● **About this task**: Print all of the data below exactly as it appears, leaving out every image.

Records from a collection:
******

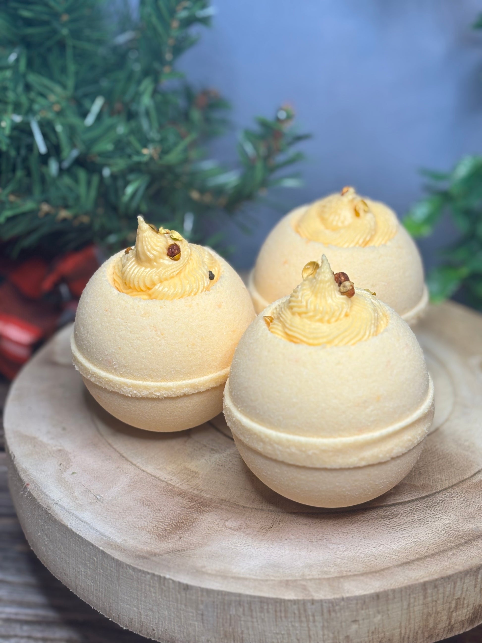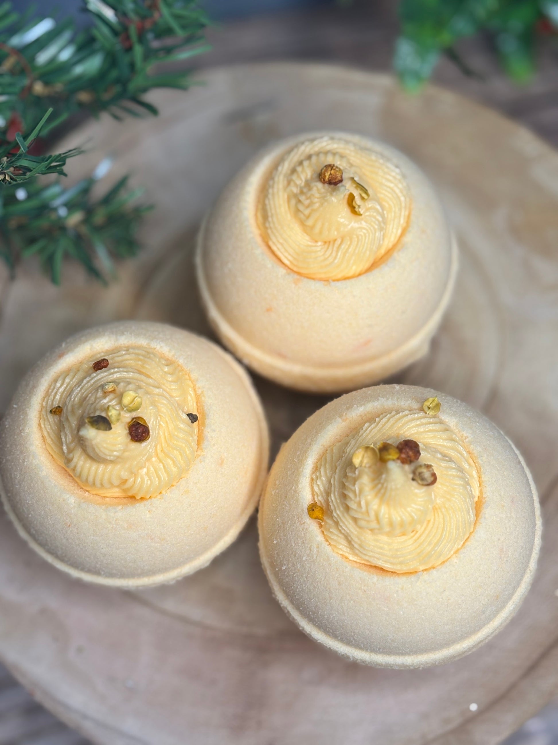 Each 3-inch bath bomb is packed with skin-loving ingredients and festive energy. As it fizzes away, it releases a cheerful mix of tangerine and spice that leaves your skin soft, moisturized, and delicately scented.
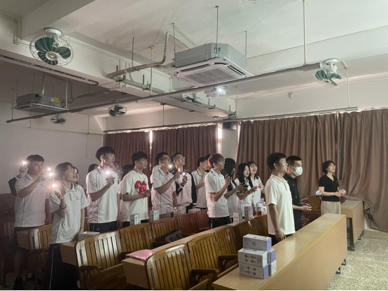 欢送毕业生党员环节,苏碧玲为毕业生党员送上纪念品,并拍照留念,以表达对毕业生党员所作贡献的感谢,全体师生党员歌唱《凤凰花开的路口》为毕业生党员进行欢送。
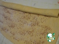 Тесто раскатать ровным пластом, посыпать сахаром и корицей и свернуть в рулет. |
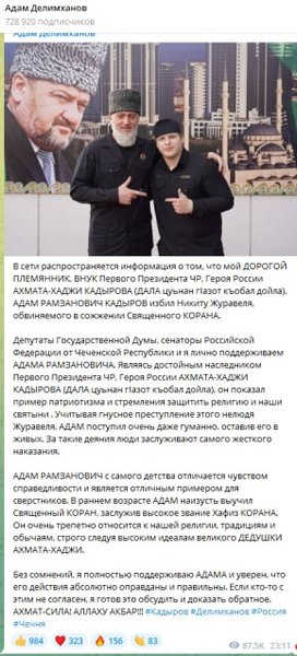 "В сети распространяется информация о том, что мой дорогой племянник, внук первого президента ЧР, героя России Ахмата-Хаджи Кадырова, Адам Рамзанович Кадыров избил обвиняемого Никиту Журавля, обвинения. Будучи достойным наследником первого президента ЧР, он показал пример патриотизма и стремления защитить религию и наши святыни. Учитывая гнусное преступление этого нелюдя Журавля, Адам поступил очень гуманно, оставив его в живых. За такие действия люди заслуживают жесточайшего наказания", — написал он.
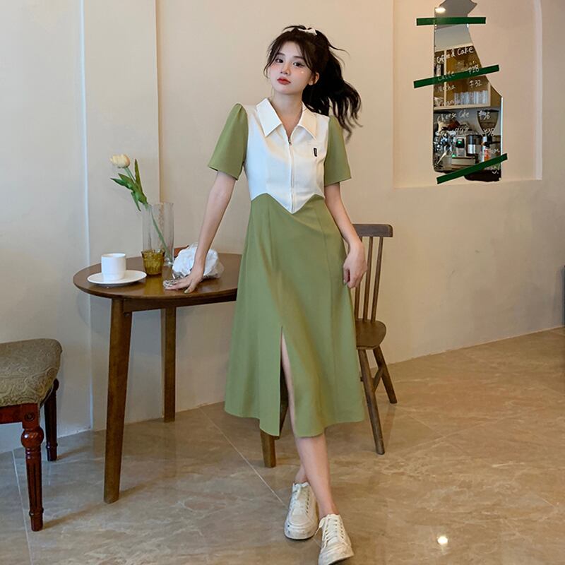 カラーワンピース夏服韓国ファッションスタイルスリムロングスカート 夏物 SYJ16005328476
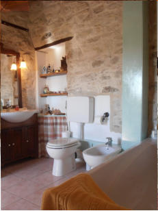 Gallery - click on the photographs below to enlarge il sorger del sole was constructed with two-metre-thick stone walls sometime during the late 1600’s early 1700’s in the former hamlet of St. Georges’ Hill and was enlarged as families grew. Gated access to the entrance drive and courtyard is from a council maintained white road. Comprising some 230 m² (2475 ft²) it has been lovingly restored to retain its original charm. A considerable part of the farmhouse has exposed stonework, hand made oak doors; hand hewed oak beams, hand made ceiling tiles etcetera. It has terracotta roof tiles, copper guttering and double glazed windows. The spacious accommodation comprises: ground floor with two bedrooms with independent entrances, private bathrooms and an additional room which could be converted into a further en-suite bedroom, under stair storage room, bread oven which could be re-used and single garage. Ancient stone steps with loggia lead to the first floor with lounge, bedroom with en-suite bathroom/utility room and a large open plan kitchen/dining area. Wooden stairs rise to the second floor with office and galleried bedroom.
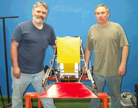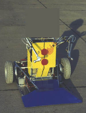 The "split personality" of this robot is Gary Gizzmo, the mad racecar driver, has been entered into Battlebots; mid-weight class (115lbs). Gary won his first fight, but was hit hard in the beginning of the second by Pack Rapter. the CO2 bottle that pressurises his arms was spun around and the tubes were pinched. We weren't taken out, but the Rapter collected more points than us, so Gary Gizzmo was eliminated.
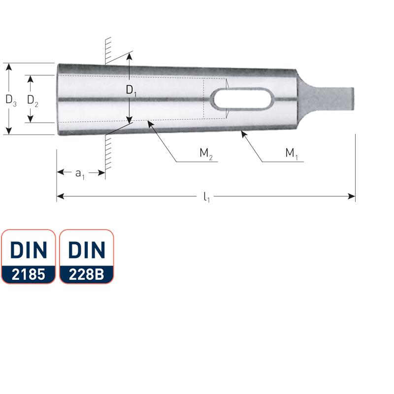 Reduceerhuls, DIN 2185, voor morsekonus, geheel gehard, uit- en inwendig precisie-geslepen.
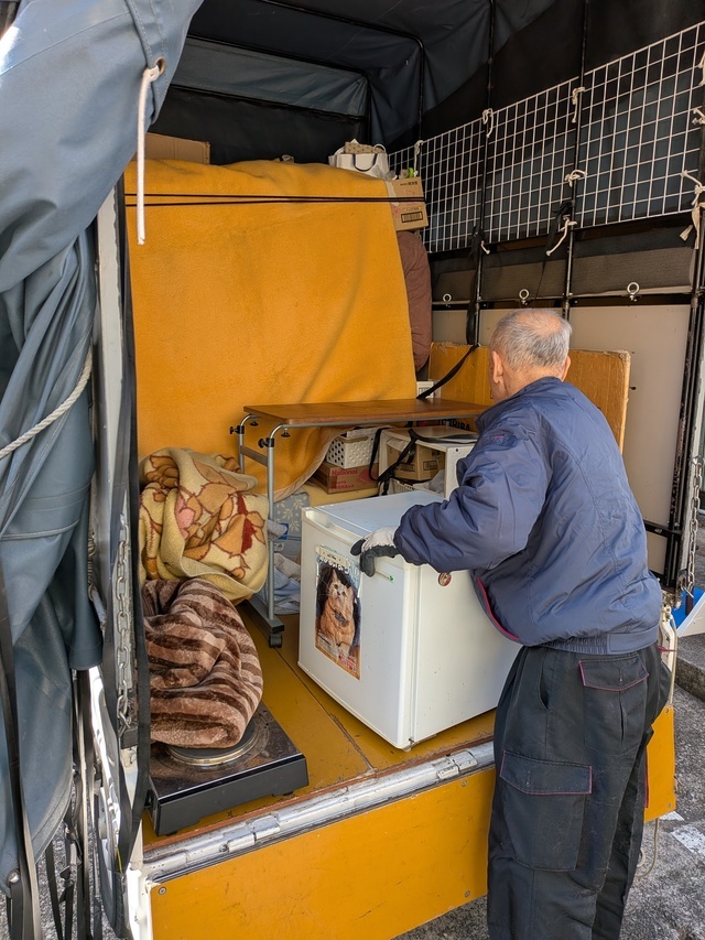 軽トラ1台に収まりました。引越し先は二階で、らせん状になった外階段から冷蔵庫を上げました。
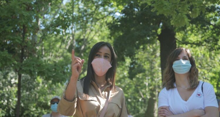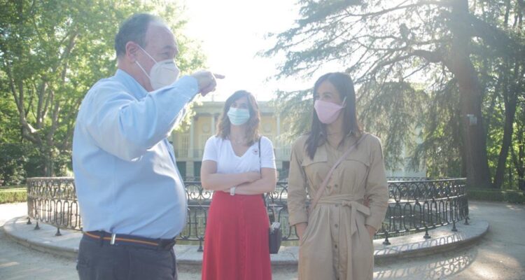 La vicealcaldesa de Madrid, Begoña Villacís, acompañada por la concejala del distrito de Barajas, Sofia Miranda, y el subdirector general de Parques y Viveros, Santiago Soria, ha asistido esta mañana a la reapertura del parque de El Capricho tras más de 75 días cerrado por la crisis de la COVID-19.
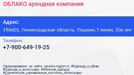 ОБЛАКО, арендная компания по адресу 196601, Ленинградская область, Пушкин, Глинки, 10а лит Г в дальнейшем Организация, размещена в следующих категориях:

******

● **Reply to the exercise**:
 Each 3-inch bath bomb is packed with skin-loving ingredients and festive energy. As it fizzes away, it releases a cheerful mix of tangerine and spice that leaves your skin soft, moisturized, and delicately scented.
 欢送毕业生党员环节,苏碧玲为毕业生党员送上纪念品,并拍照留念,以表达对毕业生党员所作贡献的感谢,全体师生党员歌唱《凤凰花开的路口》为毕业生党员进行欢送。
 Тесто раскатать ровным пластом, посыпать сахаром и корицей и свернуть в рулет. |
 "В сети распространяется информация о том, что мой дорогой племянник, внук первого президента ЧР, героя России Ахмата-Хаджи Кадырова, Адам Рамзанович Кадыров избил обвиняемого Никиту Журавля, обвинения. Будучи достойным наследником первого президента ЧР, он показал пример патриотизма и стремления защитить религию и наши святыни. Учитывая гнусное преступление этого нелюдя Журавля, Адам поступил очень гуманно, оставив его в живых. За такие действия люди заслуживают жесточайшего наказания", — написал он.
 カラーワンピース夏服韓国ファッションスタイルスリムロングスカート 夏物 SYJ16005328476
 Gallery - click on the photographs below to enlarge il sorger del sole was constructed with two-metre-thick stone walls sometime during the late 1600’s early 1700’s in the former hamlet of St. Georges’ Hill and was enlarged as families grew. Gated access to the entrance drive and courtyard is from a council maintained white road. Comprising some 230 m² (2475 ft²) it has been lovingly restored to retain its original charm. A considerable part of the farmhouse has exposed stonework, hand made oak doors; hand hewed oak beams, hand made ceiling tiles etcetera. It has terracotta roof tiles, copper guttering and double glazed windows. The spacious accommodation comprises: ground floor with two bedrooms with independent entrances, private bathrooms and an additional room which could be converted into a further en-suite bedroom, under stair storage room, bread oven which could be re-used and single garage. Ancient stone steps with loggia lead to the first floor with lounge, bedroom with en-suite bathroom/utility room and a large open plan kitchen/dining area. Wooden stairs rise to the second floor with office and galleried bedroom.
 The "split personality" of this robot is Gary Gizzmo, the mad racecar driver, has been entered into Battlebots; mid-weight class (115lbs). Gary won his first fight, but was hit hard in the beginning of the second by Pack Rapter. the CO2 bottle that pressurises his arms was spun around and the tubes were pinched. We weren't taken out, but the Rapter collected more points than us, so Gary Gizzmo was eliminated.
 Reduceerhuls, DIN 2185, voor morsekonus, geheel gehard, uit- en inwendig precisie-geslepen.
 軽トラ1台に収まりました。引越し先は二階で、らせん状になった外階段から冷蔵庫を上げました。
 La vicealcaldesa de Madrid, Begoña Villacís, acompañada por la concejala del distrito de Barajas, Sofia Miranda, y el subdirector general de Parques y Viveros, Santiago Soria, ha asistido esta mañana a la reapertura del parque de El Capricho tras más de 75 días cerrado por la crisis de la COVID-19.
 ОБЛАКО, арендная компания по адресу 196601, Ленинградская область, Пушкин, Глинки, 10а лит Г в дальнейшем Организация, размещена в следующих категориях:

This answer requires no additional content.